We know what the rotation curves are, so the acceleration of
stars on average is known, and it is known that this does not
fit with the gravity of known matter in the galaxies. So you
do not need the observations as you describe here to get this
information. What we do *not* know is:
1) Is there more matter than the known matter, so stronger
gravity and therefore restoring agreement with the movement?

That would be a nice solution. And if space between the stars wasn't
empty but filled with some kind of very thin gas?

Yes, but then this gas would have to be undiscovered until now
for some reason. Which means it has to consist of things we can't
easily see, e.g. particles like axions or sterile neutrinos.
It can also be a collection of massive, as of yet undiscovered,
black holes. Actually they are now starting to be discovered by
LIGO. But you'd still need quite a lot of them to have enough
extra mass..

2) Is there another force that adds to the effect of gravity
so together they give agreement with the motion?
The first possibility leads to the hunt for dark matter, the
second to the search for a "fifth force"

Dark matter was supposed to be in some kind of "halo" outside the
galaxy.

No, dark matter is supposed to form a cloud with the galaxy
immersed in it. Probably densest in the galaxy itself but
also extending to some region (halo) outside the galaxy.

The stars then, are pulled by the outside.

No they are not! Whatever the distribution in the radial
direction, gravity *always pulls inwards*, except if the
distribution is completely confined to a shell, in which
case in the empty inner region it gives gravity zero, but
is *still* not pulling outwards! (Do your 1/r^2 exercises
again, for a distributed mass with spherically symmetric
distribution, only a function of r.)

A fifth force would
have a vector centered in the center of the milky way.
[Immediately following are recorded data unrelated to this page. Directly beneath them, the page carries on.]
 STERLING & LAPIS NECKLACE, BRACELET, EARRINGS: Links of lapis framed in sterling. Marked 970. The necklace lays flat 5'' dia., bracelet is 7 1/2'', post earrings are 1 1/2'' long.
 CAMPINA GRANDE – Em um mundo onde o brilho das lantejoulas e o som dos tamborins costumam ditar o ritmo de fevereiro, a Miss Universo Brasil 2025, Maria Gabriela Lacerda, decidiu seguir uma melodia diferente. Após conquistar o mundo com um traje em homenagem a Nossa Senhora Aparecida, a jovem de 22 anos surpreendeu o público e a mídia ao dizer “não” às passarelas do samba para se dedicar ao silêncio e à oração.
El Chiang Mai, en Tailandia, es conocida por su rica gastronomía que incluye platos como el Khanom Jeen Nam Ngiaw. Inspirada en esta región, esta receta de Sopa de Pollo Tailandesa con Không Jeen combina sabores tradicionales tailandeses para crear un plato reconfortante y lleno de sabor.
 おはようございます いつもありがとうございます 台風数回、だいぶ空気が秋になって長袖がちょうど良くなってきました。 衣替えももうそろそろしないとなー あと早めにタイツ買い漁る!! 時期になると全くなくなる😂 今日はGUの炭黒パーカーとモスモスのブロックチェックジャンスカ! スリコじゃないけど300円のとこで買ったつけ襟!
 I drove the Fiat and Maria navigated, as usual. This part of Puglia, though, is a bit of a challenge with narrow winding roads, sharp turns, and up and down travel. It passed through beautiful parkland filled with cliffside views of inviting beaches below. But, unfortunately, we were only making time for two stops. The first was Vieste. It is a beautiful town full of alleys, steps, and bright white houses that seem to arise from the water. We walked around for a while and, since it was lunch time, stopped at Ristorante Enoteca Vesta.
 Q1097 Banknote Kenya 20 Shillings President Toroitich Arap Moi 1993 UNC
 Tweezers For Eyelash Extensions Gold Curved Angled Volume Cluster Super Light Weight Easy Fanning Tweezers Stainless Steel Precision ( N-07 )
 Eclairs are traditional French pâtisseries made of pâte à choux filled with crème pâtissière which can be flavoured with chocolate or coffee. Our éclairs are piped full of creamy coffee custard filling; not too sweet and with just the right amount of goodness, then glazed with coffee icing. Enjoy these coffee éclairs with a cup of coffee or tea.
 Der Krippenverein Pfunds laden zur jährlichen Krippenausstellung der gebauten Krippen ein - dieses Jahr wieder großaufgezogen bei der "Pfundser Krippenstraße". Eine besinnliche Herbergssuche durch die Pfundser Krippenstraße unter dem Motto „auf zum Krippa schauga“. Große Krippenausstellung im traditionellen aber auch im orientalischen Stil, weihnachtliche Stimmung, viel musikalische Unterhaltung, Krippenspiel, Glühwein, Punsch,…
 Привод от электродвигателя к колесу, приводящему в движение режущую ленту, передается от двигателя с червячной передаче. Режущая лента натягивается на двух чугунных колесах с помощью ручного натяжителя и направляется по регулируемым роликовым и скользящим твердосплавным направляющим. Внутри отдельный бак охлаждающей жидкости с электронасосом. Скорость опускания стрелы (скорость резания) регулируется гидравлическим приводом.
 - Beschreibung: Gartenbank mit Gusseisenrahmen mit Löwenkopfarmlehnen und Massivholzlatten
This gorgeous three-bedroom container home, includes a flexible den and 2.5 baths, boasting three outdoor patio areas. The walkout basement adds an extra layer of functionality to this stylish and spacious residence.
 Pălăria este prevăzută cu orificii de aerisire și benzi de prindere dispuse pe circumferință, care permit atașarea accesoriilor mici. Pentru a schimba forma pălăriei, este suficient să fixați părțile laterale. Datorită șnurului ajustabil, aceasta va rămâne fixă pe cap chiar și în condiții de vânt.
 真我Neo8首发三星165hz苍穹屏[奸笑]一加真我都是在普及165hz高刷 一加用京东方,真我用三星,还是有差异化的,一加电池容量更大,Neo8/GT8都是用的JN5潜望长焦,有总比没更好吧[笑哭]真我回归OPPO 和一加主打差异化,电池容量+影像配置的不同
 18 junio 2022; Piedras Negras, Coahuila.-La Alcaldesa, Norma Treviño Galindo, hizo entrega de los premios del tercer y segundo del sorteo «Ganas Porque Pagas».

Yes, if it is to explain the rotation curves. But a cloud
of dark matter would also pull inwards.

Is it possible then, to figure out this from the orbit of a known star,
say, the sun?

No, a fifth force or a cloud of unseen mass will both give
more inward attraction (to the galactic center) for this
star, you can't see the difference.

The observations with telescopes as discussed above will not
help with these questions at all, they will just reproduce the
already observed disagreement between motion and the gravity
of known matter. Which then leaves us again with the same two
questions.

A fifth force would perturb the orbit of the sun in a different way than
matter in a halo.

No, as proposed solutions for the motion of the stars,
both these things of course are supposed to influence the
orbits of the stars in the same way (giving them more
inward acceleration).

Besides, even if it is weak it has been there since
eons. After all this time (age of the sun around 5GY) some perturbation
should be observable.

Of course. The whole structure of the universe (zooming
in from the largest levels) would have to agree with any
new force, or new kind of matter we introduce! It looks
like this: http://www.atlasoftheuniverse.com/universe.html
Shouldn't an analysis of the orbit of the sun give an answer to that?

[[Mod. note --
Interstellar space is indeed filled with a "very thin gas":
https://en.wikipedia.org/wiki/Interstellar_medium
https://en.wikipedia.org/wiki/Intracluster_medium
This is already included in counts of "known matter".
-- jt]]

And it should not only be in agreement with the orbit of
the sun, but with all galaxies, clusters, filaments, voids,
and anything else we observe in the universe.

--
Jos